When facing a DUI charge, you need to have a qualified attorney to help you. Depending on the circumstances of your case, you may be able to avoid jail time by negotiating a plea deal. However, if your charges involve a third offense or an aggravating factor, you may face felony charges. Moreover, a conviction can have negative consequences such as a criminal record, increased car insurance rates, and loss of employment.

A first DUI conviction is usually a misdemeanor. It is often followed by an alcohol abuse treatment program. The program may include treatment, community service, or education.

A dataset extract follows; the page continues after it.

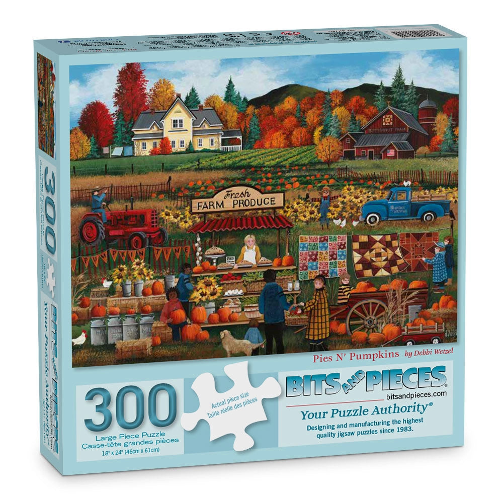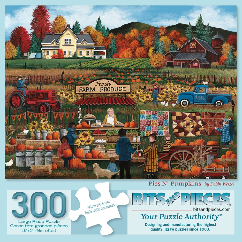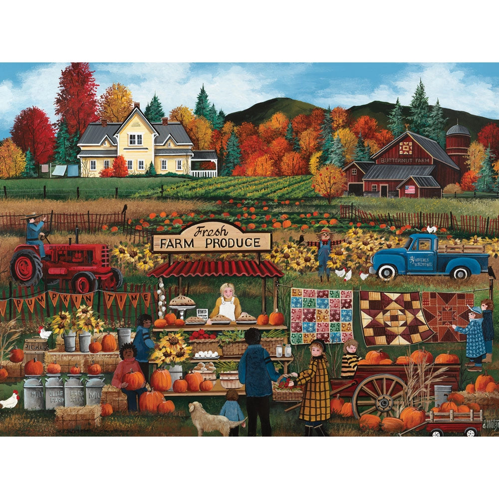 Celebrate the sights and flavors of fall in this bustling autumn puzzle by Debbie Wetzel. Stalls are loaded with pumpkins, pies, apples, and cider, while vibrant leaves color the landscape. A perfect seasonal puzzle to welcome cooler days and harvest fun.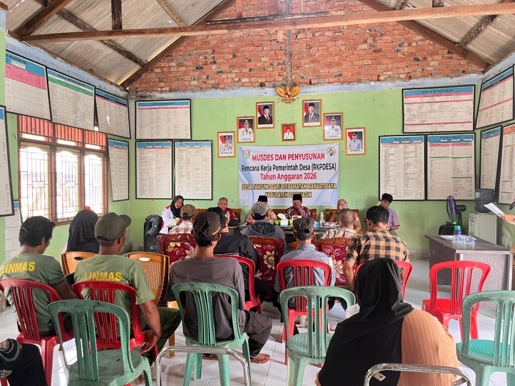 BANYUASIN, Lensainnews.com – Bertempat di Kantor Desa Tanjung Baru, kecamatan Makarti jaya, kabupaten Banyuasin. telah dilaksanakan Musyawarah Desa (Musdes) dalam rangka Penyusunan Perencanaan Pembangunan Desa (RKP Desa) Tahun 2026. Peserta yang terlibat dalam kegiatan ini meliputi unsur BPD, Kepala Desa, perangkat desa, TP PKK Desa, Ketua RT, linmas desa, Kader Kesehatan, Karang Taruna, tokoh agama dan tokoh masyarakat. Kegiatan juga turut dihadiri oleh camat Makarti jaya, Bapak Subandi, S, Sos, M Si. Kasi PPD Kecamatan, Pendamping Desa, Pendamping Lokal Desa, serta masyarakat, Jum at, (03/10/2025).

If a second or third offense occurs, the driver can expect a license suspension. Many states impose increasingly stricter penalties for subsequent convictions. Typically, a license suspension is 90 days for a first offense, two years for a second, and three years for a third. In some states, the driver is required to install an ignition interlock device. This prevents the vehicle from starting until it is determined the driver is not intoxicated.

Dui Blood Test Denial Of 5th Amendment Right Against Self-Incrimination

If you’ve ever been arrested for driving under the influence of alcohol, you probably know that you can be jailed if you refuse to submit to a blood or breath test. However, the legality of such a refusal has been the subject of debate, and the US Supreme Court is weighing in on the matter.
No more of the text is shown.